For exponential functions in the form of y=a(b)^x, what is the equation of the horizontal asymptote?

The equation of the horizontal asymptote for exponential functions of the form ( y = a(b)^x ) is ( y = 0 ). This is because, as ( x ) approaches negative infinity, the term ( (b)^x ) (where ( b ) is a positive number) approaches zero if ( b > 1 ) or approaches infinity if ( 0 < b < 1 ).

In both cases, the function will approach the line ( y = 0 ) from above (when ( b > 1 )) or from below (when ( 0 < b < 1 )). Therefore, regardless of the value of ( a ), when ( x ) becomes sufficiently negative, the overall output of the function ( y = a(b)^x ) will head towards zero.

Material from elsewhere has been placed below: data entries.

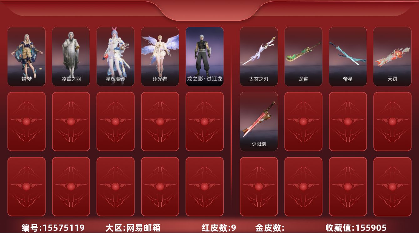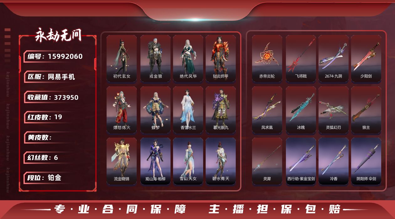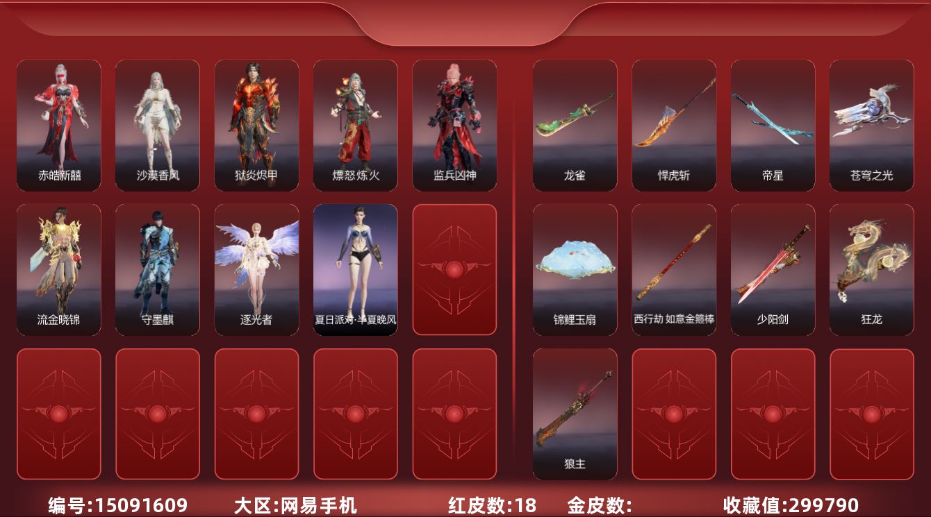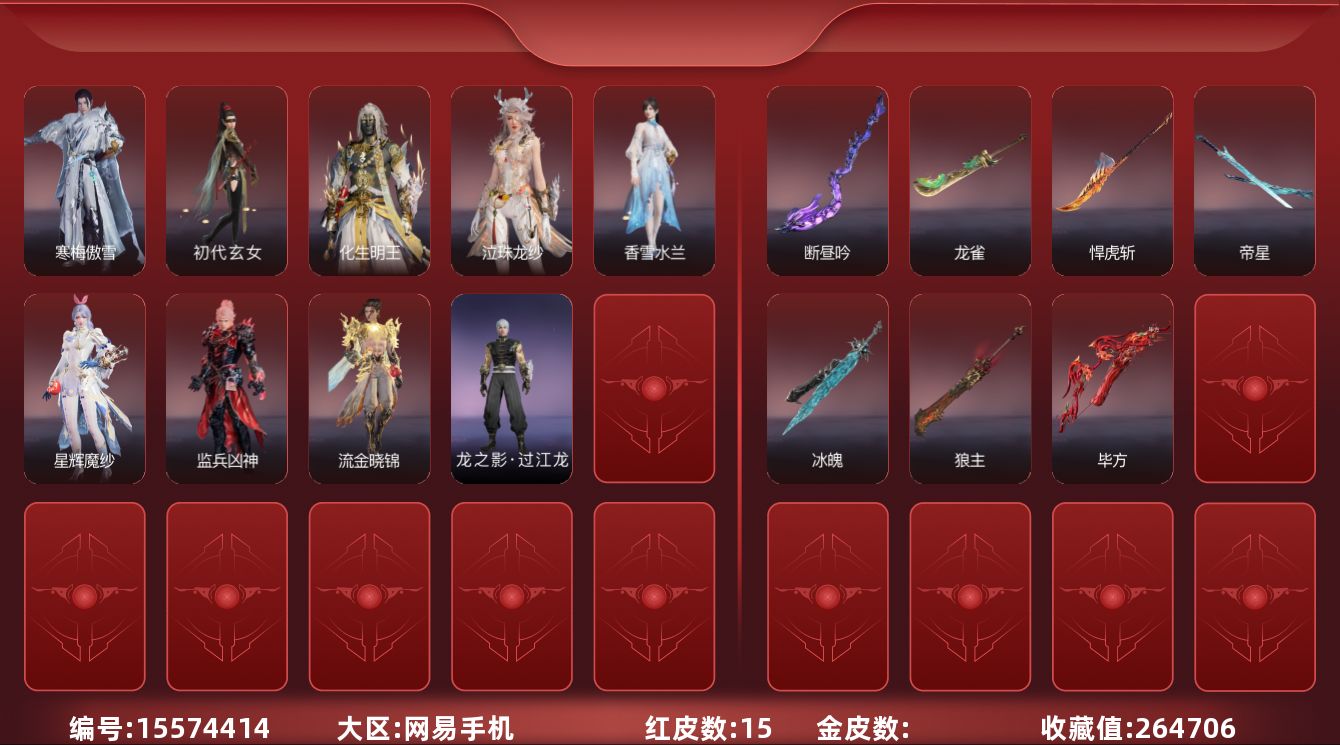 [15992060]1e5571网易手机19个红皮谪星·扶桑劫(2孔),谪星·沧澜绡(1孔),泳装1个【热海白珊(妖刀姬),】奥义特效1个【石龛造像(天海),】下次换绑时间2025/6/10,等待换绑期间可以登入网易大神直接进入游戏不影响游戏体验。网易支付无法注销,道具货币都是默认已使用.尼尔衣服全套,武器红皮9个【赤帝炎轮,冰魄,2674·九阴,飞将戟,灵狐幻刃,凤求凰,少阳剑,灵犀,狼主,】其他红皮10个【流金晓锦,狱炎烬甲,暮光胴丸,墨离,香雪水兰,蝶梦,初代玄女,戎金狼,绝代风华,熛怒炼火,】飞鼠,劫涛·潮,自动人形·2b,自动人形·a2,悟空,龙心炽焰,龙之影·龙虎斗,花无痕,枫行者,自动人形·9s,孽炎祸斗,百战·破荆者,护世四法·增长天王,巨阙,龙之道·自知,金羽圣鹰,轩辕剑·拓跋玉儿,惊云羽,龙门·飞天,神鹰之女,主祭者,天钿女命,日道神子,龙之影·生死局,决战平安京·御神之刃,龙之影·过江龙,守誓者,轩辕剑·陈靖仇,常胜袍,龙之道·无拘,掌珠仙子,金羽客,司天命,姑射真人,寒英素雪,春雪,沐昭,观山海·冬神玄冥,百战·断链,干将莫邪,观山海·秋神蓐收,复制体·凯妮,黄昏巫主,沙海之鸠,劫涛·潮,西行劫·三尖两刃刀,咯咯,咕咕(连弩),葫芦兄弟·蛤蟆头领,封神录·申公豹,观山海·相柳,赤雾烟霞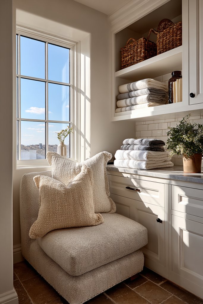 A cozy seating nook turns a mundane laundry space into a mini retreat. It’s a small change that promotes comfort and makes chores feel less like a burden. Once you create a dedicated spot to sit, you might even look forward to folding or sorting—seriously!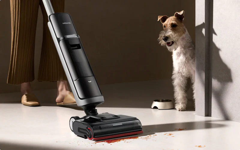 Вертикальный моющий пылесос Dreame H15 Pro Heat выполнен из ударопрочного пластика черного цвета. Устройство предназначено для комплексной уборки: сухого сбора мусора, мытья полов, ковровых покрытий и быстрой сушки поверхностей.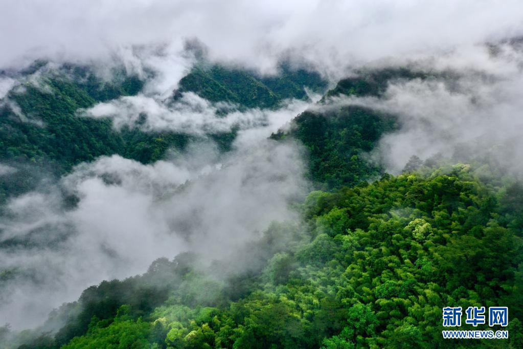 5月17日,武夷山國(guó)家公園桐木村附近群山云霧繚繞(無人機(jī)照片)。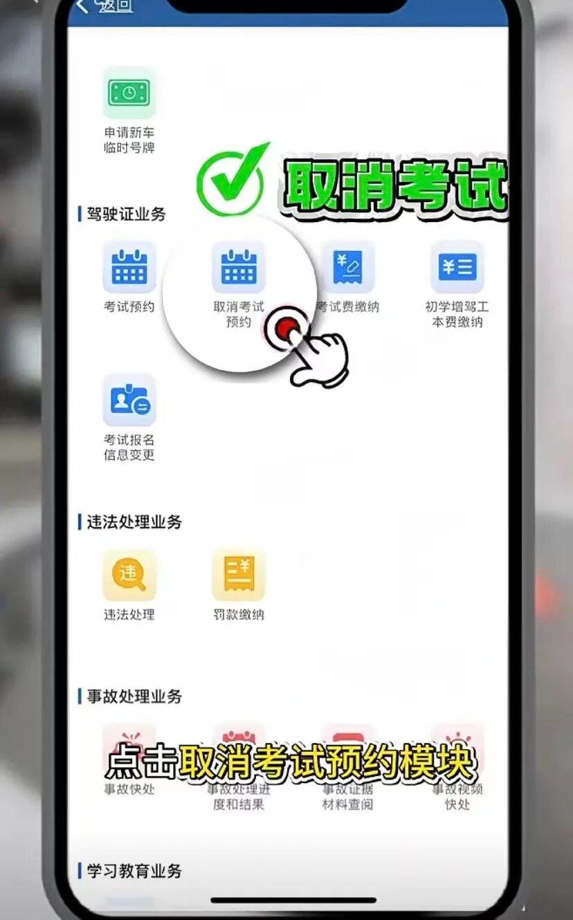 首页点击“更多”,在“驾驶证业务”中找到“取消考试预约”;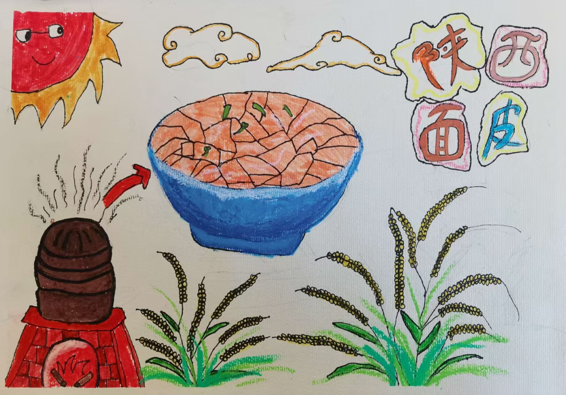 这幅画以陕西面皮为主题,画面布局:左侧是两簇带金黄谷穗的绿色植株,右上角有个带笑脸的红太阳,还有两朵云。中间上方有灶台和蒸笼,箭头指向一碗香辣面皮。右下角用艺术字写着“陕西面皮”。色彩风格:色彩鲜艳,用红、黄、绿、蓝等色,太阳、云朵、植株、餐具等形象生动,整体风格童趣活泼,通过灶台、谷物、面皮等元素,展现陕西面皮的制作关联与地域美食特色。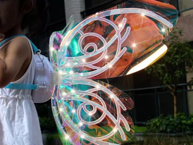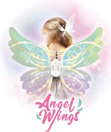 De vleugels zijn uitgerust met LED-verlichting die een magisch effect creëert en kinderen zich als in een sprookje laat voelen.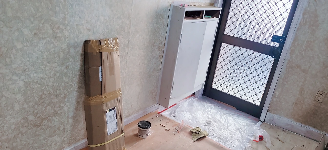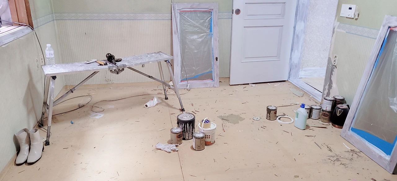이곳에 칠할 곳은 벽에 있는 신발장, 화장실 문틀, 화장실 문, 방문틀, 방문 그리고 방과 거실의 목 창문틀과 창문, 천장의 몰딩까지만 칠하면 되었습니다.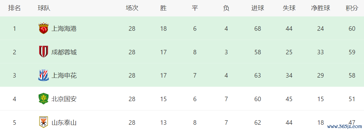 赛前积分榜,上海海港积60分高居第一,成王人蓉城积59分位列第二,上海申花积58分排行第三,三队独一2分的差距,争冠止境强烈。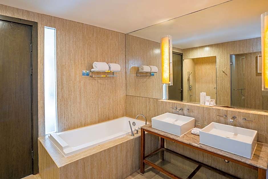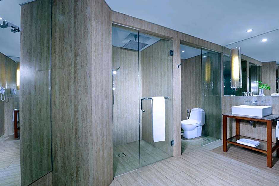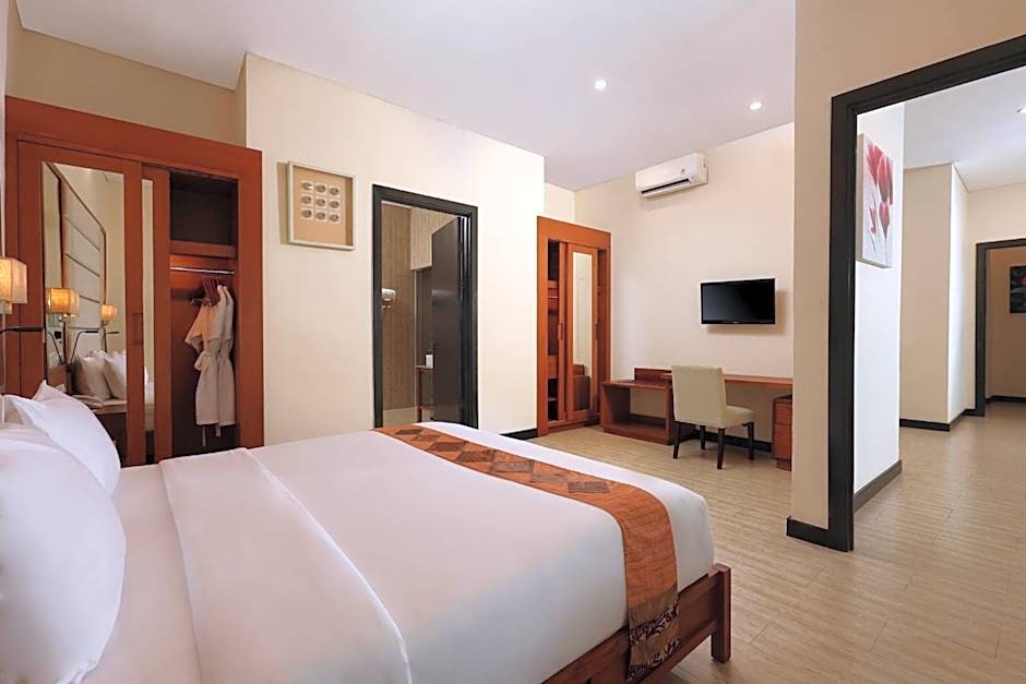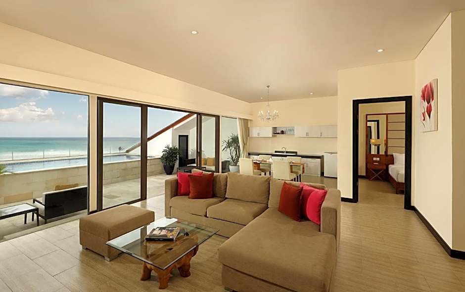 Dining at the resort is a delightful experience with VUE Restaurant serving a diverse menu of local, Asian, and international dishes. Guests can also unwind with a variety of refreshing drinks at the poolside bar. A complimentary daily buffet breakfast featuring Indonesian and international favourites is available to start your day. The resort's prime location places it just a 5-minute walk from Finns Beach Club, a 12-minute drive from Sunday Market La Briza, and approximately 35 minutes by car to Tanah Lot. Ngurah Rai International Airport is conveniently located 9 km (5.7 mi) away, with airport shuttle services available for a fee.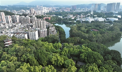福建省福州市濕地資源豐富,全市濕地面積19.42萬公頃,濕地率15.14%,約占福建省濕地面積的三分之一,位居全國(guó)濱海城市前列。圖為近日拍攝的福州西湖——左海濕地公園沿岸城市風(fēng)光。 新華社記者 魏培全 攝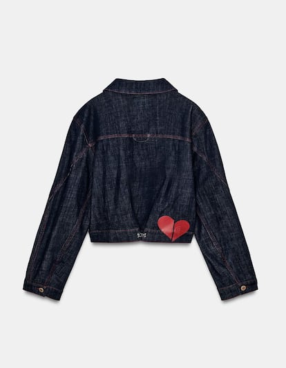 Un corazón roto no debe esconderse siempre, también se puede lucir con orgullo en la espalda de una chupa tejana como este diseño de Zara, con cuello solapa y hombreras.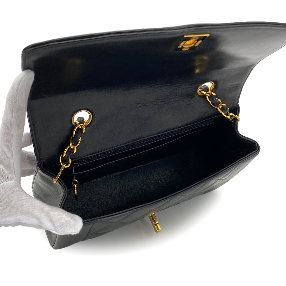 CHANEL VINTAGE DIANA SMALL CHAIN SHOULDER BAG BLACK LAMB SKIN 90284885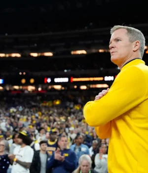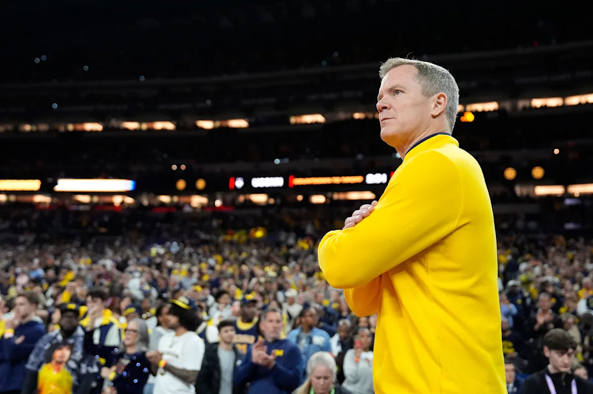 O técnico do Michigan, Dusty May, assiste da quadra antes do jogo do campeonato nacional da NCAA contra Connecticut no Lucas Oil Stadium, segunda-feira, 6 de abril de 2026, em Indianápolis.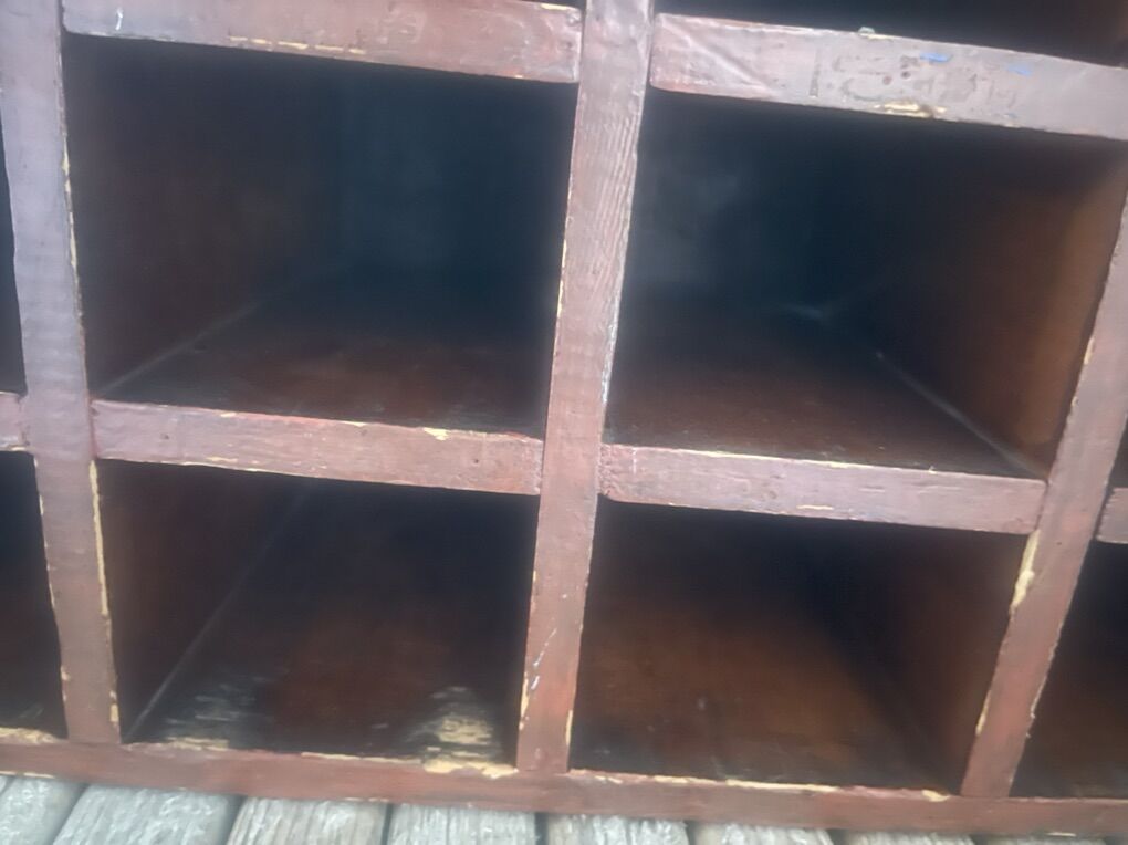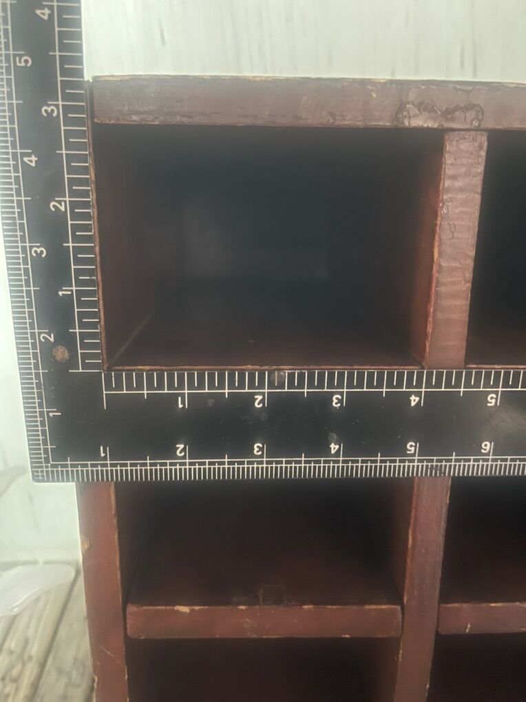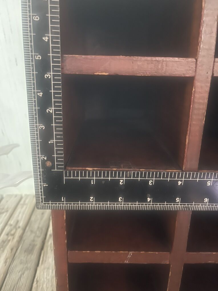 Venmo16 space vintage cubby organizer. Could be used as a wine rack. 18 5/8” wide 14 1/2” tall add 3/4” for top trim piece 9 1/4” deep OBO
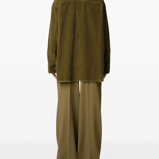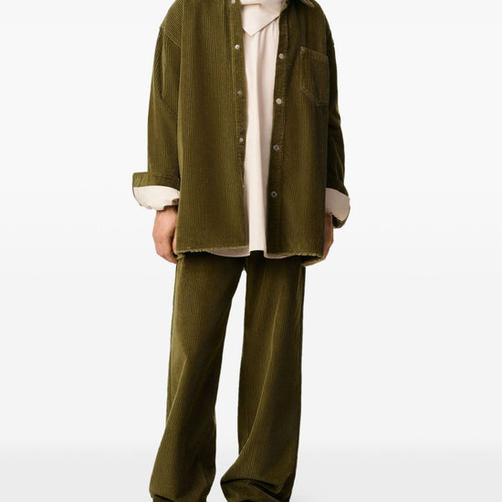 Olive green corduroy texture button fastening logo patch patch pocket cotton overshirt size and fit - this piece fits true to size. we recommend you get your regular size. model is 1,84m / 6ft 1in wearing size m

For instance, if we consider the function ( y = 2(3)^x ) as ( x ) approaches negative infinity, ( (3)^x ) decreases to zero, leading ( y ) to approach zero as well. This concept applies universally to exponential functions with real values of ( a ) and ( b ).

Thus, the correct answer is that

For exponential functions in the form of y=a(b)^x, what is the equation of the horizontal asymptote?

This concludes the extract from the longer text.